Em pleno século XXI, o acesso a comida, habitação, cuidados médicos e outros bens essenciais continua a ser sistematicamente negado a pessoas LGBTI em várias partes da Europa. Casos documentados em países como Andorra, Arménia, Bósnia e Herzegovina, Bulgária, Croácia, Chipre e Itália revelam um padrão de exclusão institucionalizada. Perante a inércia ou hostilidade dos governos, são as organizações da sociedade civil que têm assumido o papel de garantir apoio à comunidade.

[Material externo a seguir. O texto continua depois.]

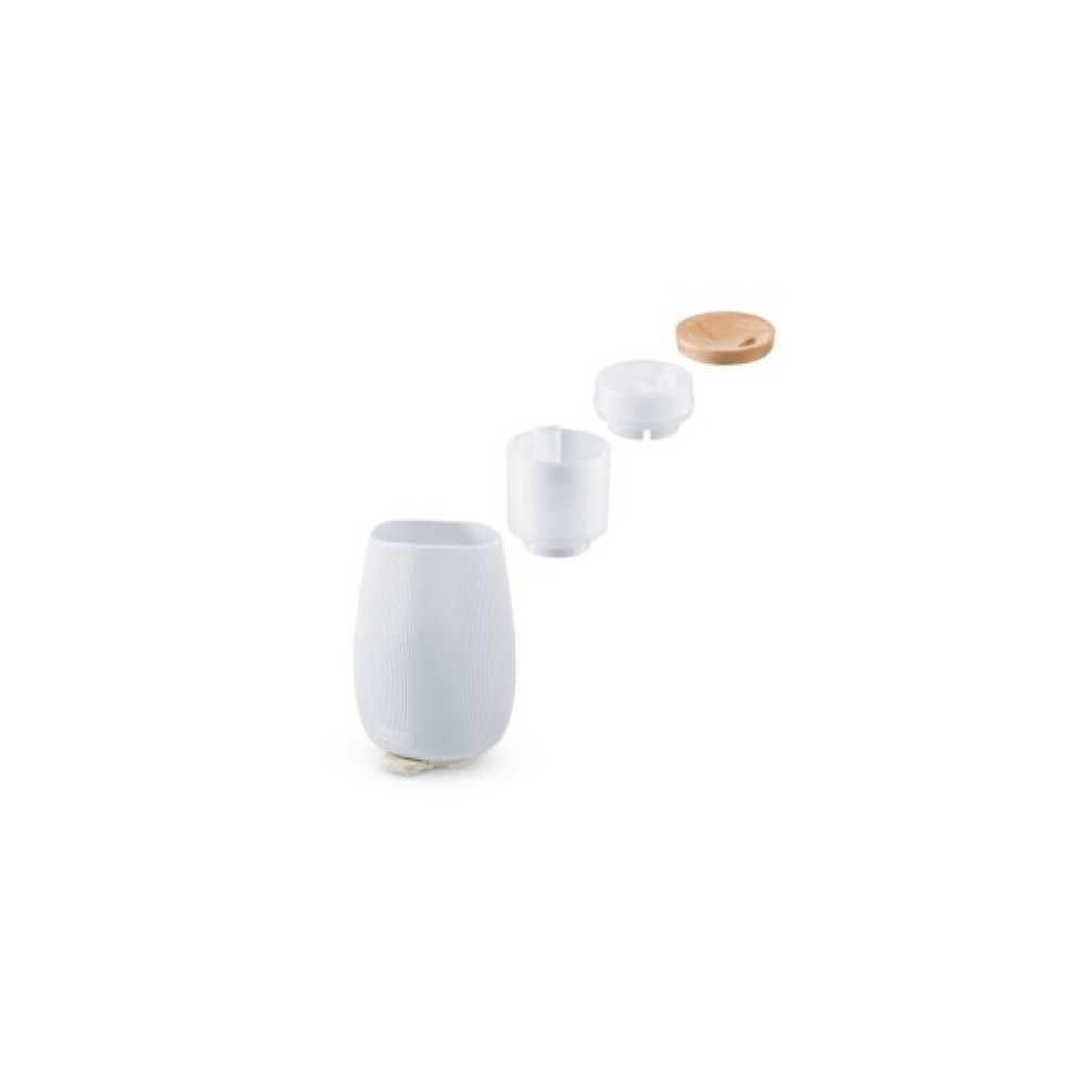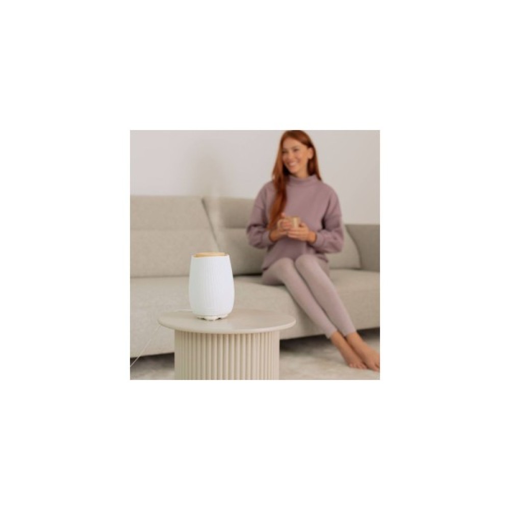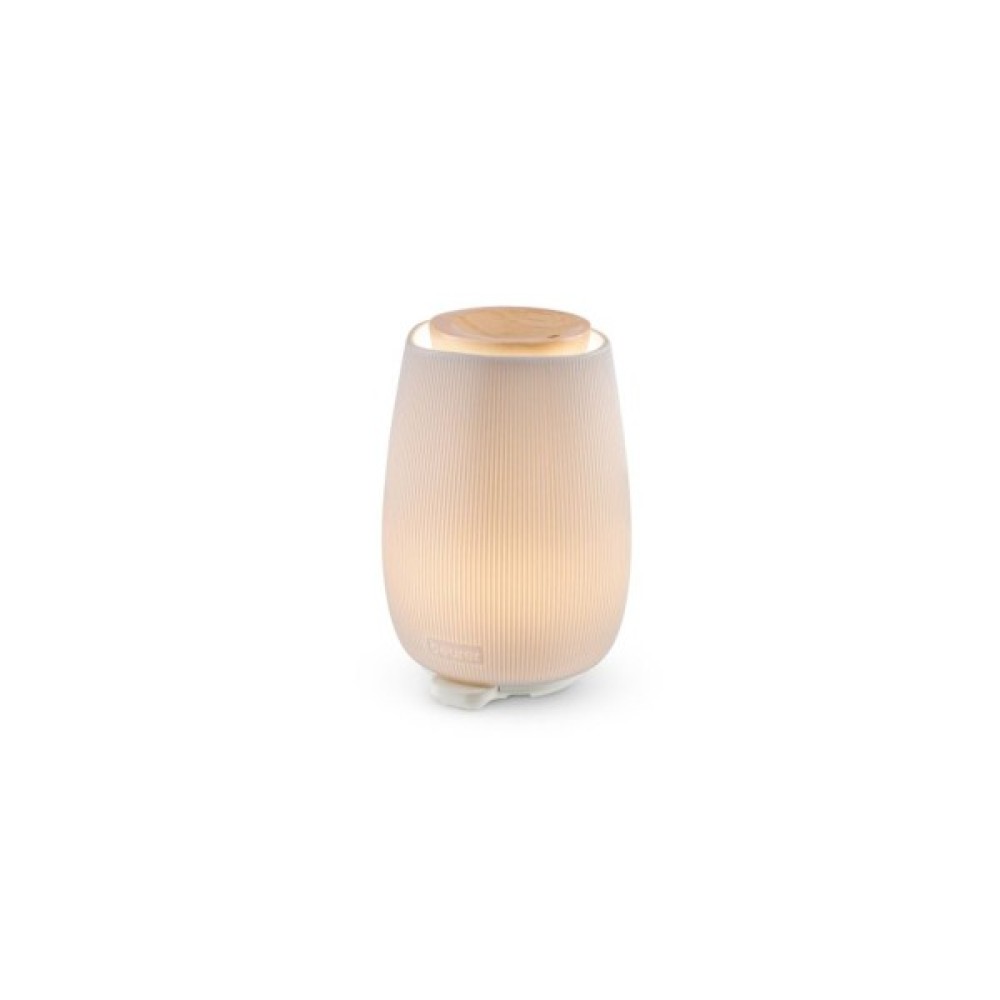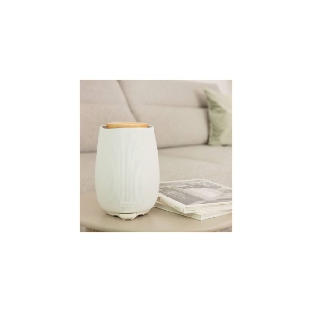 Beurer LA 45 GP — стильна аромалампа у ніжному теплому відтінку з ультразвуковою технологією для приміщень до 20 м². Вона поєднує мікродисперсне розпилення, 9-кольорову LED-підсвітку, тиху роботу та натуральні матеріали — кераміку та FSC-сертифіковане дерево. Прилад рівномірно ароматизує кімнату, створює затишну атмосферу та сприяє релаксації. Аромадифузор має два режими роботи: постійний та інтервальний, тому легко підібрати комфортну інтенсивність аромату. Постійний режим — дифузор розпилює аромат безперервно для швидкого й насиченого наповнення кімнати. Інтервальний режим — працює з паузами, створюючи делікатніший аромат і продовжуючи час роботи приладу. М’яке LED-світло підсилює розслаблення та працює у 9 кольорах. Можна увімкнути лише освітлення — без розпилення. Завдяки тихій роботі прилад ідеально підходить для спальні, вітальні чи робочого куточка. Резервуар на 140 мл легко заповнювати та очищувати. Функція автоматичного вимкнення спрацьовує при порожньому баку — це безпечно та зручно. Потужність лише 12 Вт робить модель економною у користуванні. LA 45 GP — це природна естетика, делікатний аромат і комфорт щодня. Він стане стильним елементом інтер’єру й чудовим сюрпризом для тих, хто любить домашній комфорт.

A 14.ª edição da Avaliação Anual da Situação dos Direitos Humanos das Pessoas LGBTI na Europa e na Ásia Central, da ILGA-Europe, traça um retrato detalhado do que aconteceu entre janeiro e dezembro de 2024. O relatório compila eventos a nível nacional, regional e internacional, revelando avanços pontuais, mas também recuos graves e tendências preocupantes que atravessam fronteiras.
O discurso de ódio já não é marginal — é política de Estado
Do mesmo modo, o discurso de ódio contra pessoas LGBTI deixou de ser um fenómeno isolado. Tornou-se normalizado e, em certos contextos, institucionalizado. Governos e figuras públicas alimentam narrativas tóxicas que pintam a diversidade como uma ameaça à ‘família tradicional’. Itália e Albânia estão entre os países onde coligações conservadoras usam estas retóricas como arma eleitoral.
Porém, há também resistência. Na Moldávia, Espanha, Roménia e Letónia, iniciativas legislativas e judiciais procuram travar a avalanche de preconceitos. A luta contra o ódio tornou-se uma batalha política e cultural, onde cada frase conta e cada silêncio também.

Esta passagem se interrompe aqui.